Friday, December 10, 2010

Minister blames delayed migration onto SSSS on lack of data

The Minister of Employment and Social Welfare, Mr Enoch Teye Mensah, has slammed some institutions in the public sector for the slow pace at which they are providing data to enable their employees to be migrated onto the Single Spine Salary Structure (SSSS).
He did not name the institutions involved but said the situation was leading to accusations that the government was deliberately slowing the process to defer the implementation date of the SSSS to next year.
Consequently, Mr Mensah said the ministry had planned to hold meetings with those institutions in the next few days to resolve the sticky points which were preventing them from providing the necessary data to fast-track the implementation process.
Speaking at his turn at the weekly meet-the-press series in Accra yesterday, the minister said the reluctance of those institutions to submit data for the migration was due to the fact that they did not have evidence of approval for some of the current allowances they were enjoying from the Ministry of Finance and Economic Planning.
He said another reason for that attitude was the unauthorised use of internally generated funds by some institutions to pay allowances not approved by the Ministry of Finance and Economic Planning and said some of the institutions feared that the disclosure of those unapproved allowances would lead to their withdrawal by the Fair Wages and Salaries Commission (FWSC).
Mr Mensah hinted that by the end of December, five more institutions, comprising the GRATIS Foundation, the Ghana Dance Ensemble, the Council for Scientific and Industrial Research (CSIR), civilian employees working with the Ghana Armed Forces (GAF) and the Irrigation Company of Upper Region (ICOUR), would have been migrated onto the SSSS.
He said to meet the demands of the oil and gas industry, the Management Development and Productivity Institute (MDPI), as part of its mandate, had developed a training course for which 3,000 people had been registered to begin training by the first quarter of next year.
He pointed out that the institute would also run various Masters degree programmes in general management for public service officials, adding that through that programme, the institute intended to re-position itself as one of the training institutions providing relevant skills training and knowledge for public sector workers.
On the National Vocational Training Institute (NVTI), the minister said this year alone it had provided skills training for 9,648 trainees in the field of instructor training, school-based apprenticeship, defensive driving and on-the-job-training.
He announced that Ghana had been taken off the list of countries identified by the United States Department of Labour Executive Order 13126 to be using child labour for the production of cocoa.
He said that became possible after Ghana had established the National Programme for the Elimination of Worst Forms of Child Labour in Cocoa which put in place measures as a direct response to international agitation and the possible boycott of Ghana cocoa on the world market.
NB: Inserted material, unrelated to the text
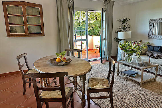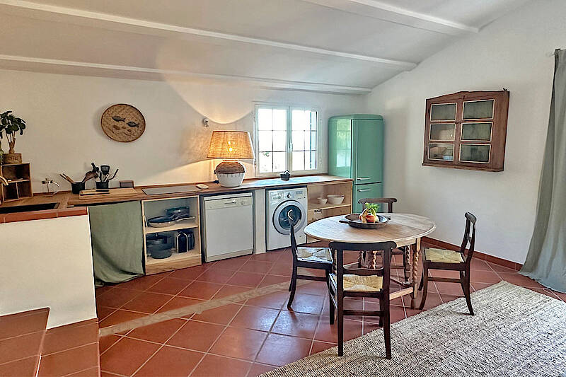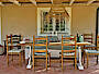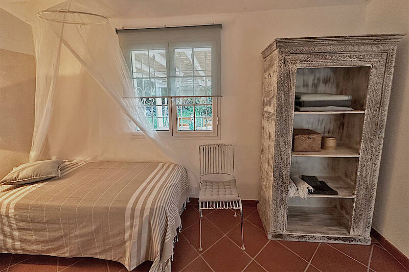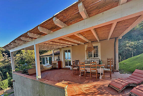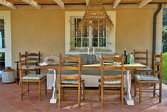 Das große Grundstück besteht zum größten Teil aus Mediterranen Pflanzen, Olivenbäumen und Wiese und bietet verschiedene Sitzecken. Das Rauschen des Baches versiegt nur Mitte Juli und August.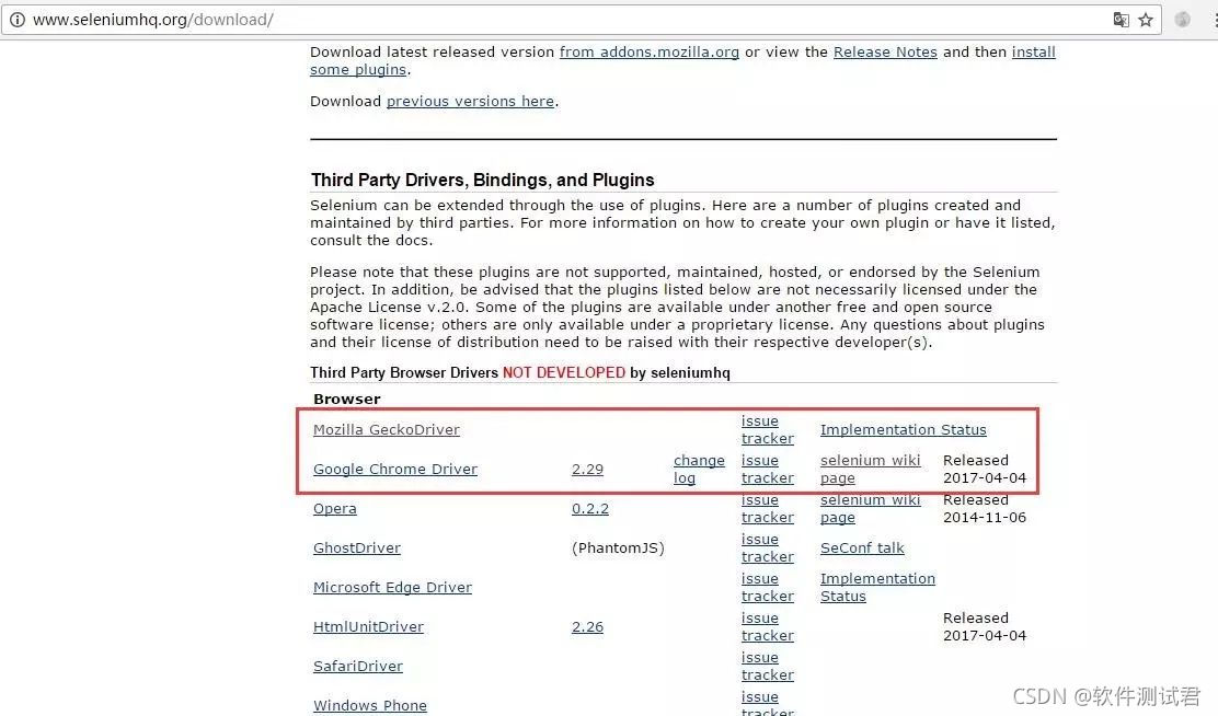 接下來(lái)還要下載一些瀏覽器驅(qū)動(dòng)程序(webdriver),注意Firefox是Selenium原生支持的,但似乎并不是所有Firefox版本都支持,所以我們要找一些驅(qū)動(dòng),另外目前看起來(lái)似乎Firefox在執(zhí)行時(shí)并不穩(wěn)定,而谷歌的Chrome瀏覽器比較好一點(diǎn),所以我們這里選擇Chrome。其驅(qū)動(dòng)都可以在Selenium官網(wǎng)找到,包含IE及其它瀏覽器。

On the Osu Children’s Home, Mr Mensah said following media reports of neglect and abuse in the home, a committee was set up to investigate the allegation and it had since presented its report to him. He stated that a White Paper on it would be released in the next few days.
The minister took the opportunity to touch on other departments and agencies under his ministry, including the Labour Department, the Department of Social Welfare, the Department of Co-operatives, the Department of Factories Inspectorate and the MDPI.
Others are the NVTI, Integrated Community Centres for Employable Skills (ICCESS), the Opportunities Industrialisation Centres (OIC), Ghana and the Ghana Co-operatives College.